Sims v Hawkins

JurisdictionEngland & Wales
JudgeLord Justice Rix,Lord Justice Keene,Lord Justice Lloyd
Judgment Date14 November 2007
Neutral Citation[2007] EWCA Civ 1175
Docket NumberCase No: B2/2007/0158
CourtCourt of Appeal (Civil Division)
Date14 November 2007

[2007] EWCA Civ 1175


Lord Justice Rix and

Lord Justice Keene and

Lord Justice Lloyd

Case No: B2/2007/0158

EX 190058






Royal Courts of Justice

Strand, London, WC2A 2LL

Mr Andrew Parsons (instructed by Messrs Cresswell & Co) for the Appellant

Ms Katie Scott (instructed by Messrs Clarke Willmott) for the Respondent

Hearing dates: 10 October 2007

Lord Justice Rix

This appeal is about the payment of costs by a non-party, pursuant to section 51(3) of the Supreme Court Act, 1981. 1 In Aiden Shipping Co Ltd v. Interbulk Ltd (The Vimeira) [1986] AC 965, the House of Lords held that this provision gave such power to the courts to order a non-party to pay costs. Lord Goff of Chieveley said (at 981A/B):

“Courts of first instance are, I believe, well capable of exercising their discretion under the statute in accordance with reason and justice…If any problem arises, the Court of Appeal can lay down principles for the guidance of judges of first instance…”


Twenty years later the jurisdiction is well recognised, and has been applied in a variety of situations. As Lord Goff foresaw, the court of appeal has given guidance as to general principles. There are a number of well-known decisions in which these principles have been worked out, such as Symphony Group plc v. Hodgson [1994] QB 179, Murphy v. Young & Co's Brewery plc [1997] 1 WLR 1591, Hamilton v. Al Fayed (No 2) [2002] EWCA Civ 665, [2003] QB 1175, and Arkin v. Borchard Lines Ltd [2005] EWCA Civ 655, [2005] 1 WLR 3055. Of particular importance is a recent decision of the Privy Council, Dymocks Franchise Systems (NSW) Pty Ltd v. Todd [2004] UKPC 39, [2004] 1 WLR 2807. The principles laid down in these authorities are not in dispute, and it is not suggested in this appeal that the judge got the law wrong. It is now well-established that one of the principal questions for the court is whether the non-party (who renders himself liable to the regime, whether by funding or controlling the litigation or even in some other way) is the “real party” to the litigation: see Dymocks at para 25.

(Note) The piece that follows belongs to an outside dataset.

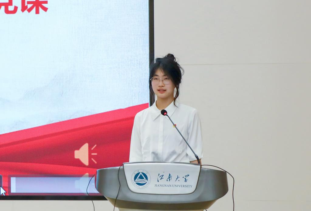 陶文沂、帅桂兰为新党员代表佩戴党员徽章。随后,由帅桂兰领誓,预备党员举起右拳,面向党旗光荣宣誓,表达对党的忠诚和为共产主义事业奋斗终身的决心。生工2301班任昱筱代表全体新党员发言,向党组织承诺将时刻以党员标准严格要求自身,奋力跑好历史的接力棒。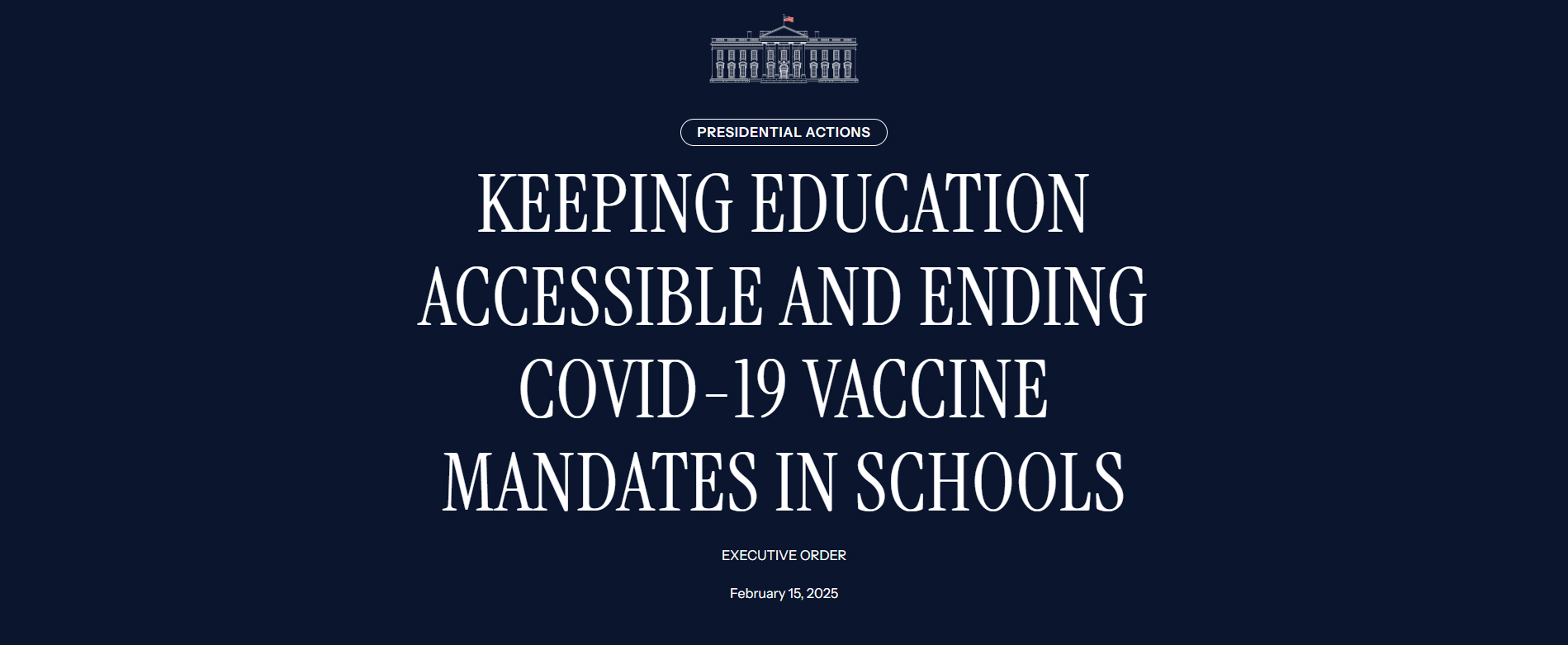 第1条:目的および方針。一部の学区および大学では、教育を条件として、子どもや若者に対して引き続き新型コロナウイルスワクチン接種を強制しており、また、他の学区や大学でもそのような強制を再導入する可能性がある。 親や若年成人は、子供や若年成人が新型コロナウイルス感染症(COVID-19)に感染した場合の深刻な病状に関する遠隔リスクに関する正確なデータ、および、それらのリスクをさまざまな手段で軽減する方法について知らされるべきであり、それに応じて各自で決定を下す自由が与えられるべきである。 子供や若年層が深刻な新型コロナウイルス感染症に罹患するリスクは極めて低いことを踏まえると、教育から締め出すようなことは個人の自由に対する容認しがたい侵害である。このような強制は親の権限を奪い、多くの信仰を持つ学生に負担を強いることになる。私の政権の方針として、裁量権のある連邦資金は、対面式の教育プログラムへの出席に際してCOVID-19のワクチン接種を義務付ける教育サービス機関、州教育機関、地方教育機関、小学校、中等教育学校、高等教育機関を直接的または間接的に支援または助成するために使用すべきではない。

One particular situation which has given the courts a little trouble is that of the non-party in a corporate setting who is inevitably close to a company litigant, such as a director, controlling shareholder or liquidator. Such persons are almost as a matter of course in charge of the company's litigation, and, where the company is insolvent or practically so, may be funders too: are they therefore liable under the section 51(3) regime? This problem has itself been discussed in a number of cases, such as Taylor v. Pace Developments Ltd [1991] BCC 406, Metalloy Supplies Ltd v. MA (UK) Ltd [1997] 1 WLR 1613, In re North West Holdings plc [2001] 1BCLC 468 and GoodwoodRecoveries Ltd v. Breen [2006] EWCA Civ 414, [2006] 1 WLR 2723 (all decisions in this court). The concern in such cases is to

avoid trespassing illegitimately on the concept of the separate liability of the company. This is the area in which the present appeal lies.

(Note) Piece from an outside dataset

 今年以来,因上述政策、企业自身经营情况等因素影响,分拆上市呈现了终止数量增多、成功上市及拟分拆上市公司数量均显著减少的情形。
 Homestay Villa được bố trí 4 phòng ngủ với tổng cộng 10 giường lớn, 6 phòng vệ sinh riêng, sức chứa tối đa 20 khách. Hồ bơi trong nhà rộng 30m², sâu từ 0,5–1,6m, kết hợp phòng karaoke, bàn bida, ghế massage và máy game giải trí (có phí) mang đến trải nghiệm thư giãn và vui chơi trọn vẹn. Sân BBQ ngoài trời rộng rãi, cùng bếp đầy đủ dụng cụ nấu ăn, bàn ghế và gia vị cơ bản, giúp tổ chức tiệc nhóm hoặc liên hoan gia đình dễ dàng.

In Metalloy at 1620, Millett LJ put the problem in this way:

“Such an order is, however, exceptional, since it is rarely appropriate. It may be made in a wide variety of circumstances where the third party is the real party interested in the outcome of the suit…It is not, however, sufficient to render a director liable for costs that he was a director of the company and caused it to bring or defend proceedings which he funded and which ultimately failed. Where such proceedings are brought bona fide and for the benefit of the company, the company is the real plaintiff. If in such a case an order for costs could be made against a director in the absence of some impropriety or bad faith on his part, the doctrine of separate liability would be eroded and the principle that such orders should be exceptional would be nullified. The position of a liquidator is a fortiori.”


Millett LJ there was prophetic in identifying the test of the “real party” as central, as the Privy Council in Dymocks to establish. He also put forward “some impropriety or bad faith” as a possible alternative basis of liability, but not as essential to it (see Goodwood at paras 59 and 70).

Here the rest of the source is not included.